DA MEMÓRIA, CONHECIMENTO E EDUCAÇÃO CULTURAL E ARTÍSTICA

– REAFIRMAMOS a importância da investigação científica, do pensamento

crítico, da liberdade artística e da interculturalidade e do diálogo

transversal para uma melhor compreensão das dinâmicas históricas,

culturais e humanas que moldaram as sociedades crioulas e o espaço

atlântico;

– DEFENDEMOS a necessidade de promover uma leitura mais plural e

inclusiva da história mundial, capaz de reconhecer o papel das

sociedades crioulas, das diásporas africanas e das circulações

atlânticas na formação da modernidade e do património comum da

Humanidade;

– SALIENTAMOS a necessidade de preservar e valorizar os sítios de

memória e do património, os arquivos históricos, a diversidade de

expressões culturais, assim como os patrimónios materiais e imateriais

ligados às experiências atlânticas e crioulas;

– DEFENDEMOS abordagens educativas e culturais que contribuam para

uma compreensão plural, inclusiva e humanista da história,

reconhecendo o contributo das sociedades crioulas em toda a sua

diversidade, para o património e para a experiência comum da

humanidade;

– RECONHECEMOS que as sociedades crioulas constituem expressões

históricas da capacidade humana de recriar laços, culturas e formas de

convivência em contextos marcados pela mobilidade, pelo encontro de

culturas e pela transformação social.III.

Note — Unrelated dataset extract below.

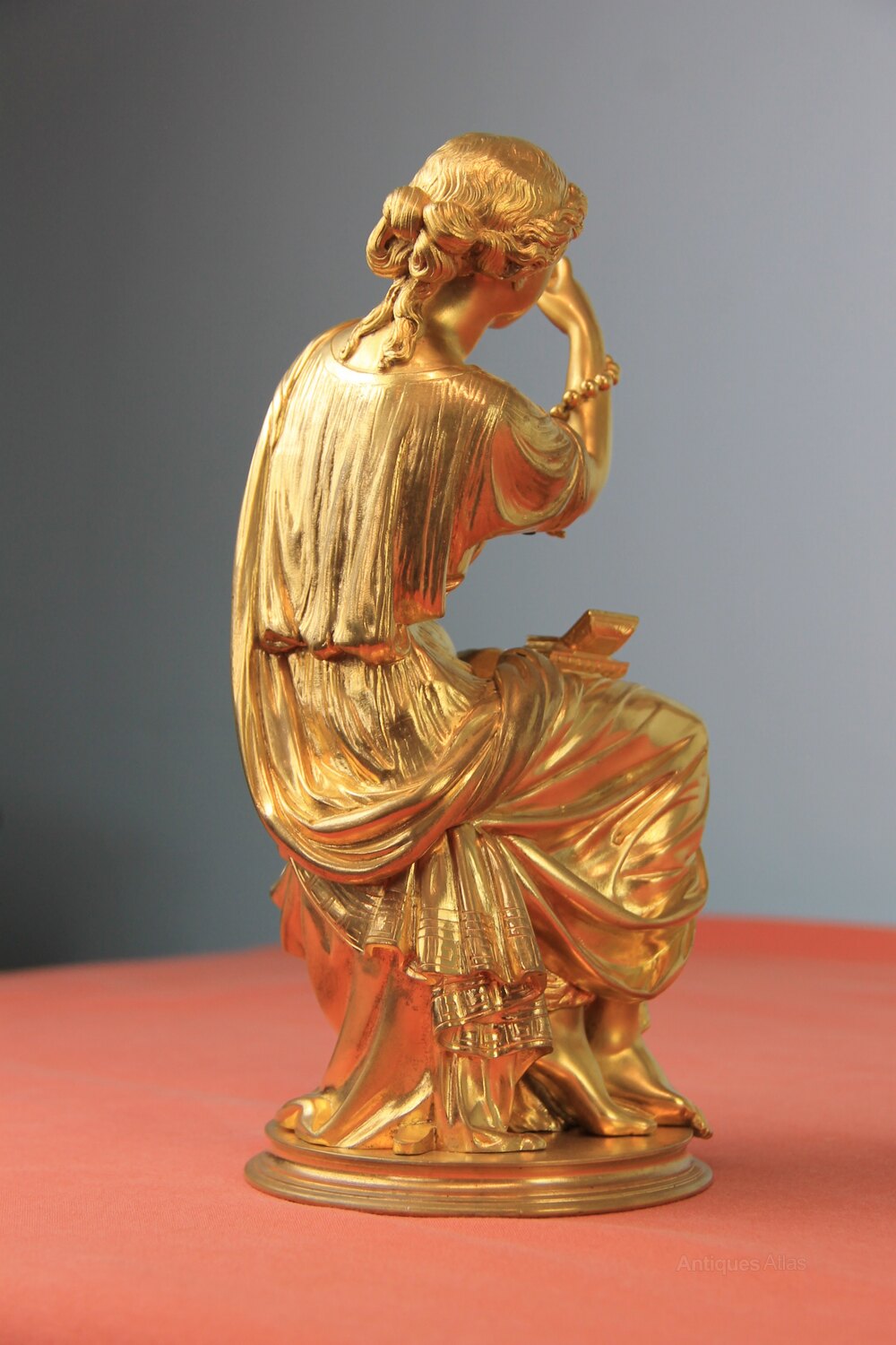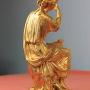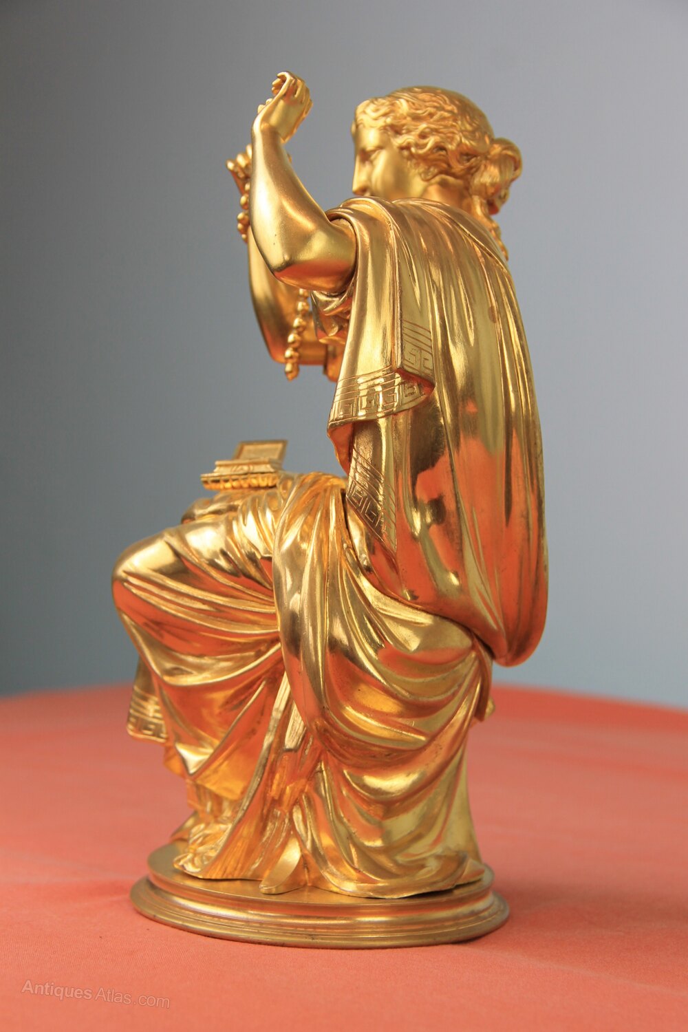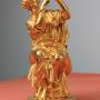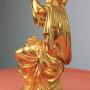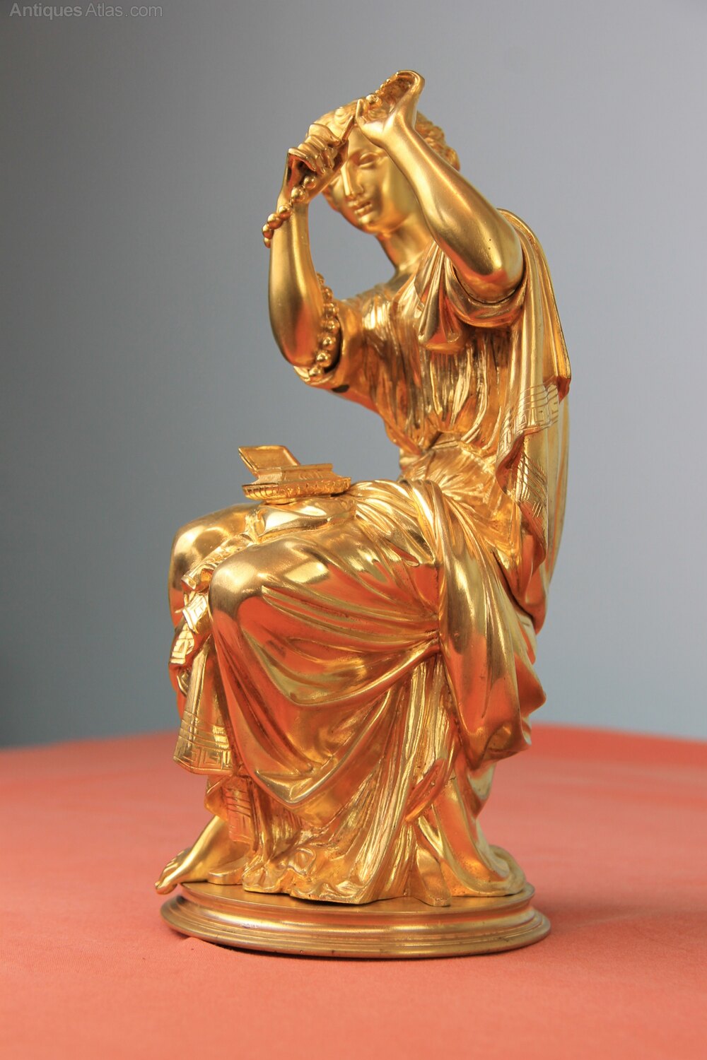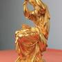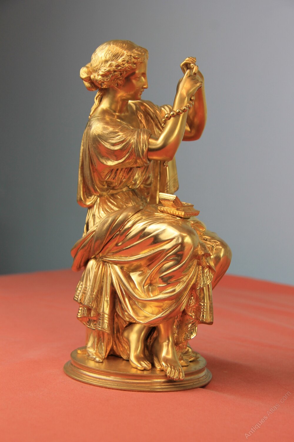 French gilded bronze statue of a seated classical lady threading pearls from a jewellery box. Made in the mid/late 19th century. Constructed in 5 sections on a turned base with very good gilding. Originally this would have been mounted on a clock.Approximately 26cm high and base 11cm in diameter.

DA CULTURA, JUVENTUDE E DESENVOLVIMENTO SUSTENTÁVEL

– AFIRMAMOS a cultura, a criação artística e o património das sociedades

crioulas como forças de diálogo, inovação e desenvolvimento

sustentável, contribuindo para a valorização humana, económica,

ambiental e cultural das comunidades atlânticas;

– RECONHECEMOS o papel da juventude na preservação, reinvenção e

projeção contemporânea da Crioulidade, bem como na transmissão dos

seus valores culturais, linguísticos e humanos às gerações futuras;

– REAFIRMAMOS a importância das línguas crioulas, da memória

atlântica, da diversidade das expressões culturais e do património

material e imaterial das sociedades crioulas, enquanto repositórios vivos

de identidade, conhecimento e criação, encorajando o intercâmbio

artístico, académico e cultural entre os povos e comunidades do espaço

atlântico.

IV.

DA COOPERAÇÃO E DIPLOMACIA CULTURAL ATLÂNTICA

– REAFIRMAMOS a importância da cooperação entre Estados, cidades,

universidades, instituições culturais, organizações da sociedade civil,

organizações internacionais e regionais e comunidades das diásporas

ligadas às experiências atlânticas e crioulas, encorajando o

fortalecimento de redes de intercâmbio cultural, académico e

institucional entre os povos e sociedades do espaço atlântico,

nomeadamente através da criação de cátedras dedicadas à crioulidade,

nas universidades de sociedades e países crioulos;

– DEFENDEMOS a diplomacia cultural como instrumento de aproximação

entre povos, promoção da convivência, fortalecimento da paz e

aprofundamento da solidariedade internacional;

– PROPOMOS a criação de mecanismos permanentes de diálogo, reflexão

e cooperação em torno da Crioulidade Atlântica, através da instituição

de um Fórum Permanente dedicado às sociedades e culturas crioulas do

espaço atlântico. E, nesse âmbito, Cabo Verde compromete-se a realizar

a II Edição do Encontro Internacional da Crioulidade do Atlântica, na

última semana de maio de 2028.

PROCLAMAMOS a presente Declaração da Praia como expressão do compromisso

comum de promover uma cultura de diálogo, de respeito pela diversidade das expressões culturais, de cooperação entre os povos e de construção de um futuro

assente na dignidade humana, no conhecimento, na criatividade e na paz.

Adotada na Cidade da Praia, República de Cabo Verde, aos 30 dias do mês de maio do ano de 2026.